Chrysotile asbestos causes an increased risk of mesothelioma (MM), but the extent of this risk and the carcinogenic potency of chrysotile fibers is in discussion. We studied mortality and MM incidence among workers employed at the Balangero mine (Italy), the largest chrysotile mine in Western Europe, active from 1917 to 1985. The cohort included 974 male workers employed for at least 6 months and active on January 1st, 1946 or subsequently hired. Vital status and causes of death were ascertained. Past exposure to asbestos by working area and calendar period was estimated, based on historical measurements of fibre concentrations, and individual cumulative exposure was assessed by applying these estimates to the job history of cohort members.

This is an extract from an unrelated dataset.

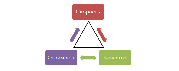 В бизнесе существует треугольник: скорость-стоимость-качество. Эффективно сочетаются только два из этих параметров. Или что-то будет сделано быстро, качественно, но более дорого. Или быстро – дешево, но с качество будет чуть ниже. Причем качество не обязательно может быть в содержании, оно может быть в форме, т.е. можно написать статью по бизнесу, описывающую полезные фишки, которые бизнесмены смогут применить немедленно и получить отличные результаты. Можно несколько недель редактировать статью и проверять раз за разом пунктуацию и орфографию, а можно осознать, что бизнесменам в первую очередь нужен не стиль изложения, а содержание, и выложить эту статью, чтобы читатели могли быстрее получить нужный результат.
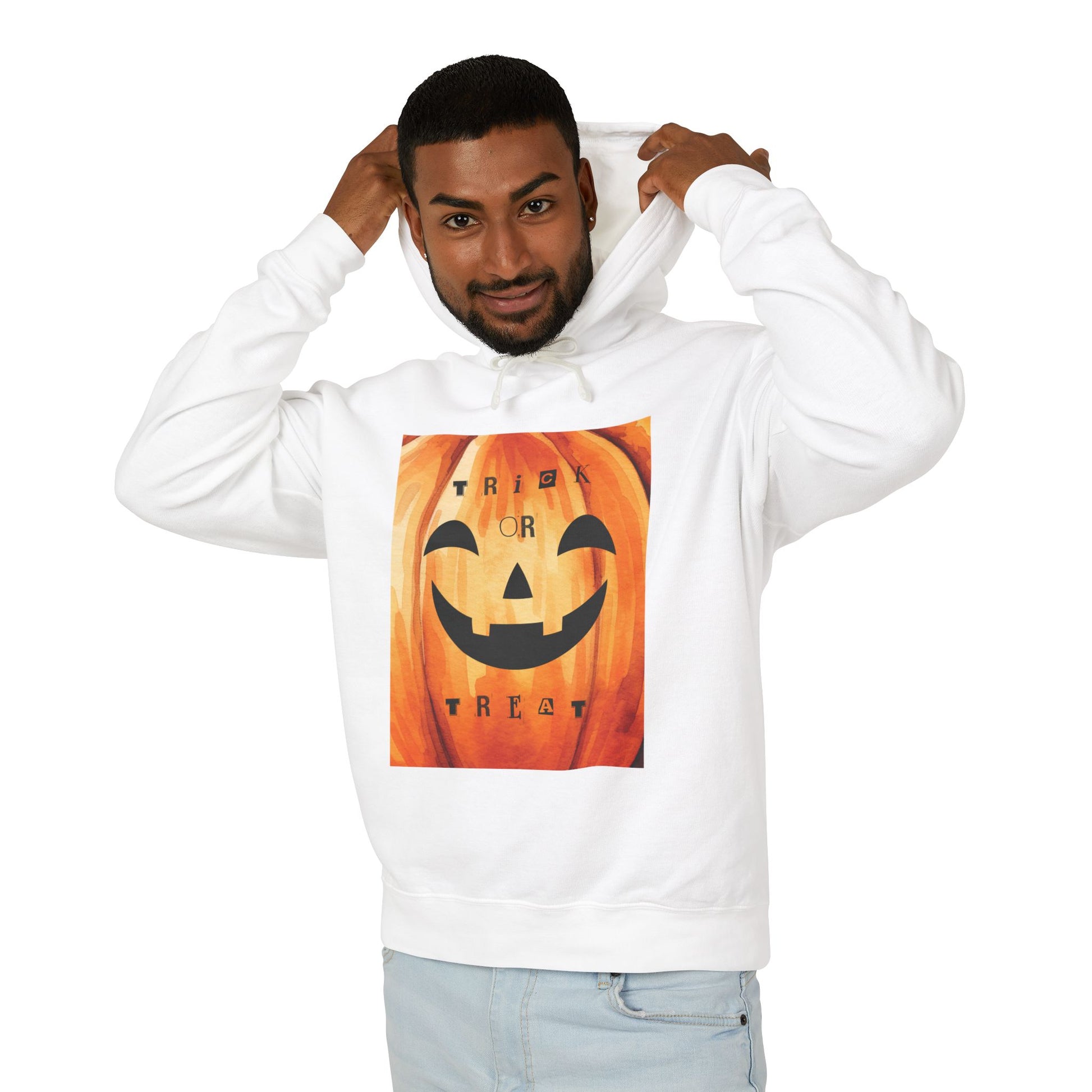 Halloween Pumpkin Hoodie, Unisex Lightweight Hooded Sweatshirt, Cozy Fall Apparel, Trick or Treat Costume

Local reference rates were used to compute expected deaths from selected diseases and expected incident MM cases. Observed to expected ratios were calculated along with 95% confidence intervals.

Mortality was increased for all causes (SMR=1.28; CI95% 1.17–1.40), pleural cancer (SMR=4.30; CI95% 1.58–9.37) and asbestosis (SMR=375.06; CI95% 262.68–519.23). SMRs for lung cancer (SMR=1.14; CI95% 0.81–1.55) and peritoneal cancer (SMR=3.25; CI95% 0.39–11.75) showed a non-statistically significant increase. Six cases of pleural MM were observed and the SIR was 6.3 (CI95% 2.3–13.7). The analysis by duration and latency for pleural cancer showed an increased risk with increasing duration of exposure and the risk flattened out for latency greater than 40 years. Further analyses based on quantitative exposure indices are being conducted to contribute to the debate on chrysotile potency.